### Work task
Keeping pictures out, repeat the lines of the listing below exactly, starting at its first line and finishing with the one that holds "A striking kingfisher".

### Given information
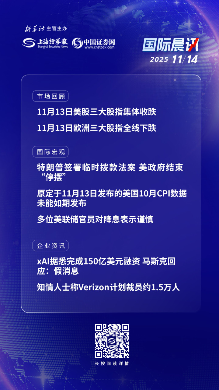原定于11月13日发布的美国10月CPI数据未能如期发布。白宫经济顾问哈塞特13日表示,政府将如期发布10月份的关键就业报告,但由于长达数周的联邦政府停摆,报告中将不包括失业率数据。
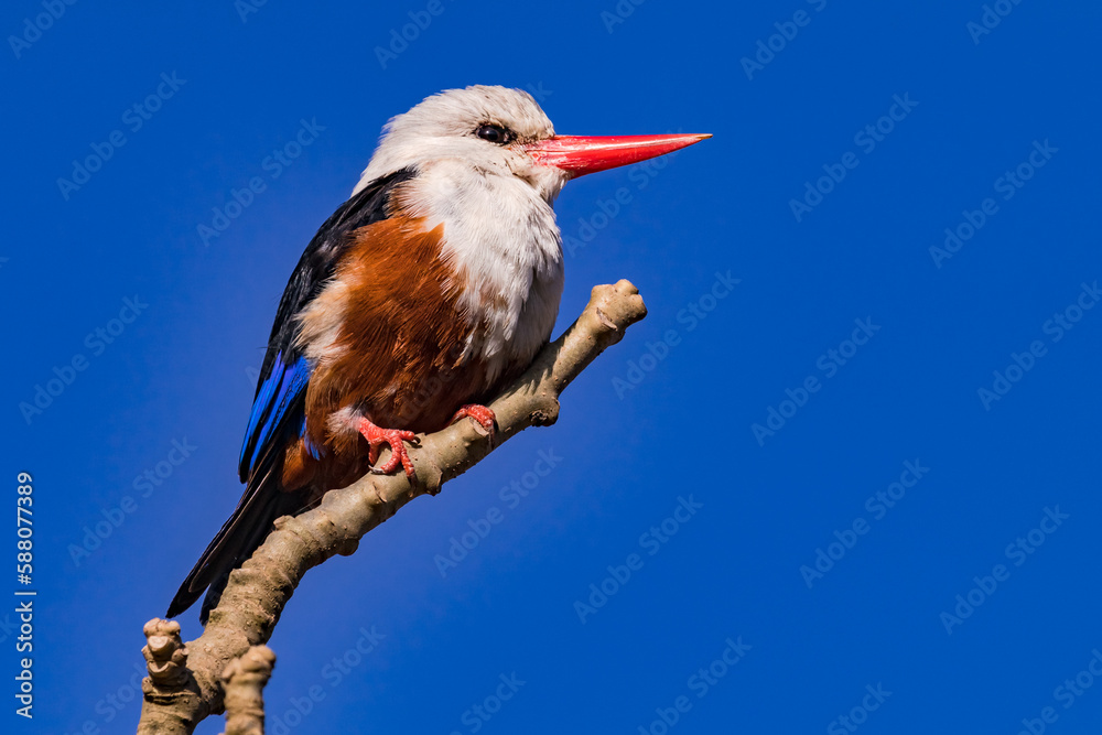 A striking kingfisher in the wild released on the African islands of Cape Verde
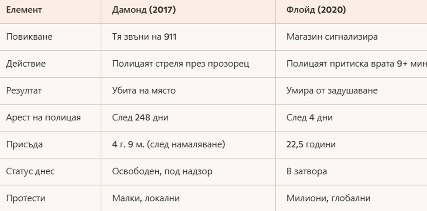 Двата случая показват драматична разлика в обществената реакция, скоростта на правосъдието и мащаба на последствията, въпреки че и двата са трагични убийства от полицаи в един и същ град. Това сравнение не цели да омаловажи нито един от случаите, а да покаже колко много фактори – политически и медийни – влияят върху това как обществото възприема и реагира на насилието.
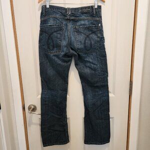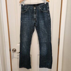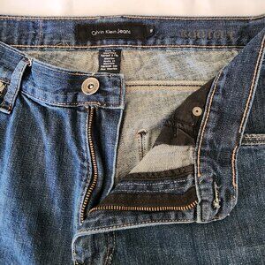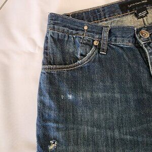 Woman's Calvin Klein Distressed Bootcut Blue Jeans, Size 31

### Exercise solution
原定于11月13日发布的美国10月CPI数据未能如期发布。白宫经济顾问哈塞特13日表示,政府将如期发布10月份的关键就业报告,但由于长达数周的联邦政府停摆,报告中将不包括失业率数据。
 A striking kingfisher in the wild released on the African islands of Cape Verde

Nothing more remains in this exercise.